1月下旬、都内某所のある新築マンションのモデルルームを訪れた。営業担当者に「賃貸か、購入か、結局どちらがいいんでしょう」と尋ねたら、よくある質問なのだろう、担当者の男性は「それは永遠のテーマですね!」と間髪入れずに回答した。

 JR某駅からバスに乗ったところにあるその物件は、約70平方メートルでおよそ4000万円。頭金と諸費用(税金等)の約400万円を用意し、35年の銀行ローンで3800万円を借り入れるとすると、月々の返済額は13万8000円(管理費等込み)となる。

 筆者は現在、都内の賃貸住宅(約70平方メートル)に住んでいる。マンションを購入した場合、毎月の返済額は、今の家賃とあまり変わらない。だが、最寄り駅から徒歩3分、東京駅まで18分という利便性はやはり捨てられない。結局、マンションの購入は見送ることにした。

 賃貸マンションも分譲マンションも、多少の付加価値の差はあれど、決定的な質の差はない。もはや日本では「分譲マンションでなければ」という絶対性はない。

「何が何でも持ち家」のワケ

 ところが中国では事情が異なる。「何が何でも持ち家」なのだ。

 筆者は、上海でタクシーに乗るたびに運転手からこんな突っ込みを受ける。「いつから上海にいるの? ふーん、90年代後半からいるんだ。マンションはどこに買ったの、え、買ってない? なんであの安かった時代に買わなかったの。買っていたら今頃は大金持ちになってただろうに!」

 1990年代後半は、まだ平米単価が4000元(当時1元=約14円)程度であり、70平方メートルの物件が400万円程度で買えた。あの「格安」の時代に、買える余力のある者が買わないというのは理解できないという。

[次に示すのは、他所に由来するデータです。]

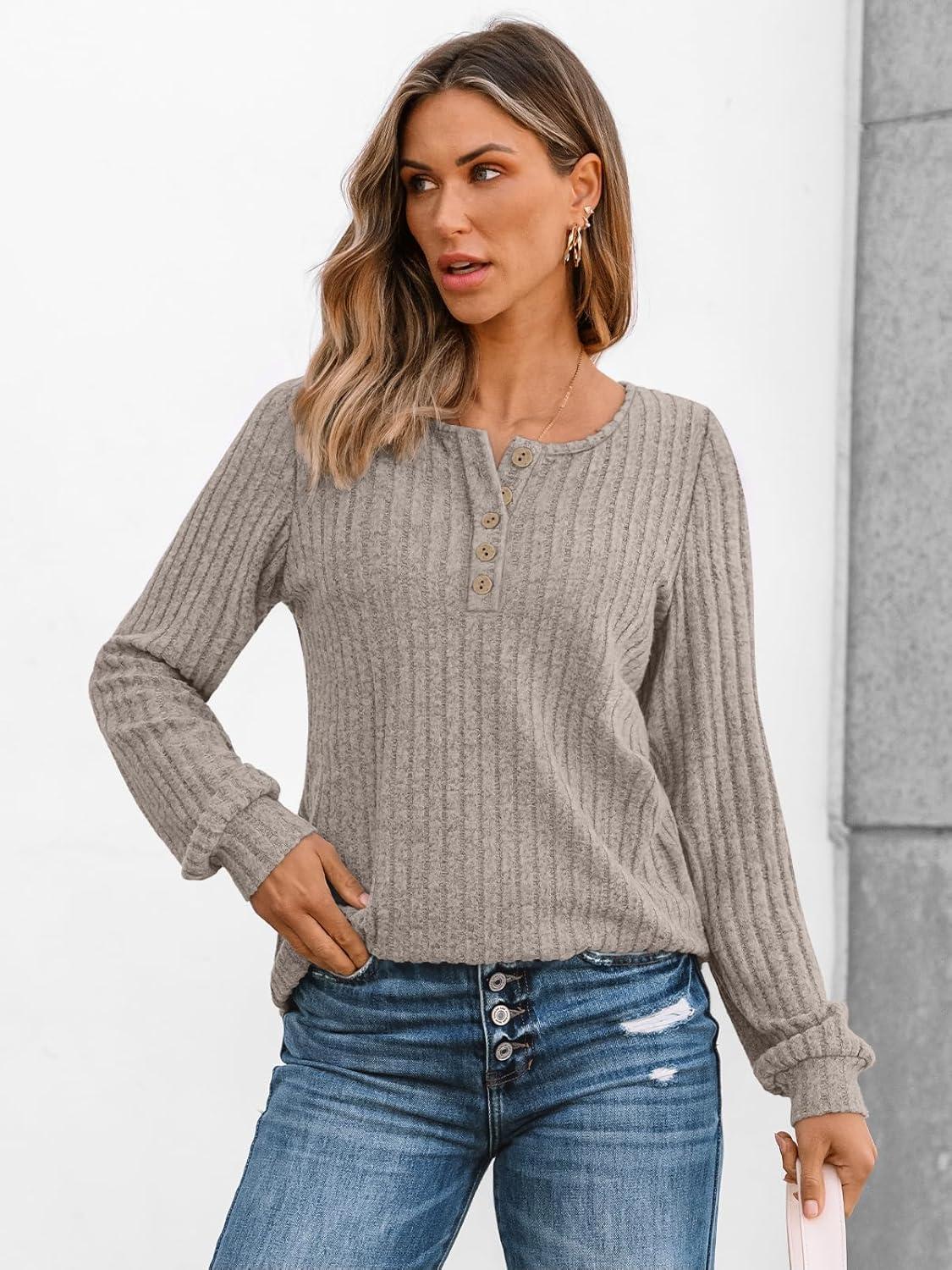 imageAUTOMET Long Sleeve Henley Shirts Womens Business Casual Lightweight Tunic Sweater TopsTan

 それにしても、なぜ上海市民はそこまで不動産にこだわるのだろうか。

 確かに日本でも不動産バブルの90年前後には、将来の値上がりを見込んで購入を検討する人たちが、こぞってモデルルーム見学に訪れた。だが、「猫も杓子も分譲マンション」というわけでもなかった。銀行貸出増加額の中で個人向け住宅ローンは2割ぐらいで、むしろマネーは商業用不動産に向かった。

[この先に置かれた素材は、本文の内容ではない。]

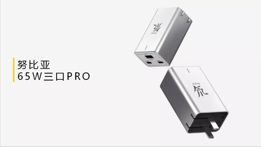 努比亚氘锋65W氮化镓三口充电器继承家族式外观,以银灰色为主,侧面印有“DAO氘”字样,个性十足。三个充电口的排布并非以往充电器“一字排开”,而采用“三足鼎立”式的排布。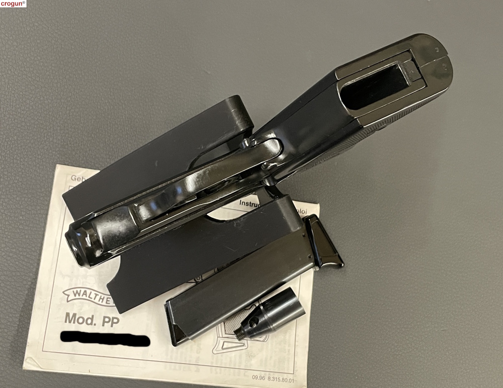 Lieferumfang und Zustand wie abgebildet mit einem Magazin, Bedienungsanleitung (von PP Modell, in Handhabung identisch), Abschussbecher! Bilder zum Teil mit Lichtreflektionen!

 ちなみに、94年から国土交通省(当時は運輸省・建設省)が行っている「国民の資産としての土地に関する意識」調査によると、「土地は預貯金や株式などに比べて有利な資産であるか」という質問に対して、2000年以降は「そう思わない」が「そう思う」を上回っている。資産としての不動産「所有」の魅力はだんだんと薄れていることが分かる。